I guess this is what you meant with looping ngrams. So if this is a known problem with Seq2Seq, is there a way to solve it?
yep, this is not totally solved problem and in the decoder people adding some penalties to prevent this, like we do for eosScore. It cannot solve for all sentences. Try to decode full set you have and check final wer and how many sentences you have much longer/much shorter.
I would also try to look at the attention values for audios where you have switching to worse quality. As I see overall quality you have (Viterbi) is not bad, so you should have small number of samples with this effect (but this is normal in current life =) ). Here some analysis of badly recognized sentences could be done, possibly you can add more augmentation/these samples type/add heuristics on attention to improve on particular sentences. Don't have ready recipe. You can google any seq2seq papers, for sure people will mention this problem and their penalties/heuristics/etc. (this all depends on loss function, model type, decoder they have).

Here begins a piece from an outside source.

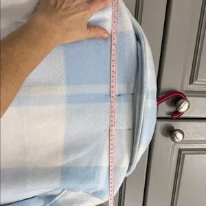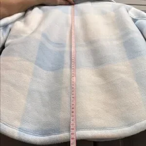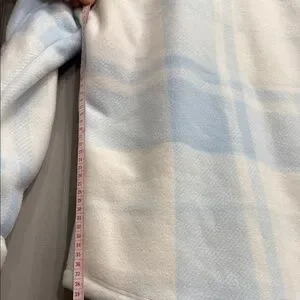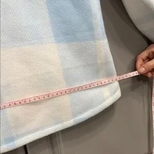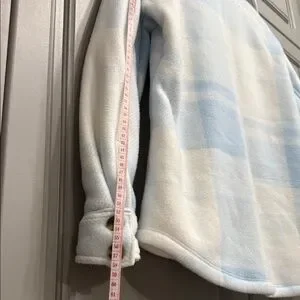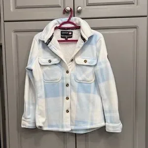 Cozy meets stylish! This soft sherpa-lined plaid shacket is perfect for chilly days. Light blue & white check pattern with snap button front and chest pockets. Great condition — clean, no flaws noted!
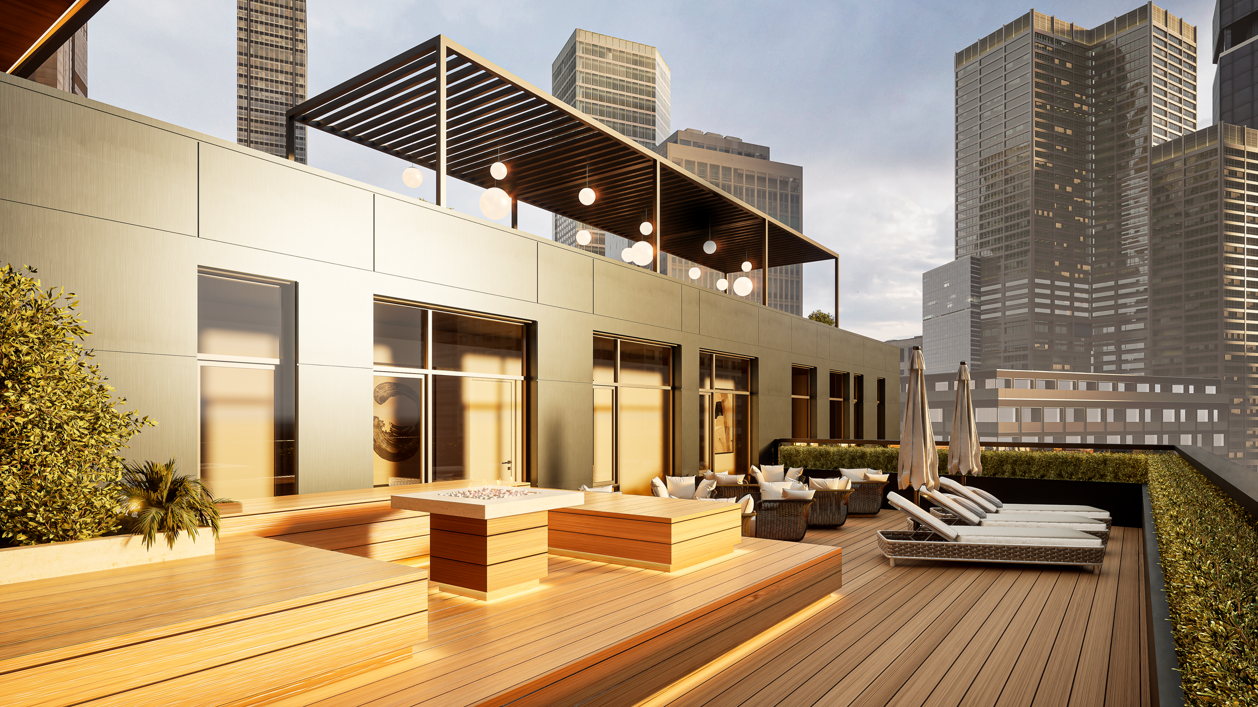 A landscaped rooftop sanctuary with skyline views, a covered pergola lounge, fire feature gathering area, and indoor and outdoor bar spaces creates an elevated setting for relaxation and entertaining.

Thank you very much for your help.
I'm trying to transcribe an audio clip which is about 2min long with my Seq2Seq model. The transcription is almost perfect but it stops after a few seconds. How can I decode the entire clip?
I've tested a few clips and it seems that the decoding stops when the audio quality changes. W2L seems to stop decoding when going from studio recorded audio to a phone interview. Is there a way to keep decoding?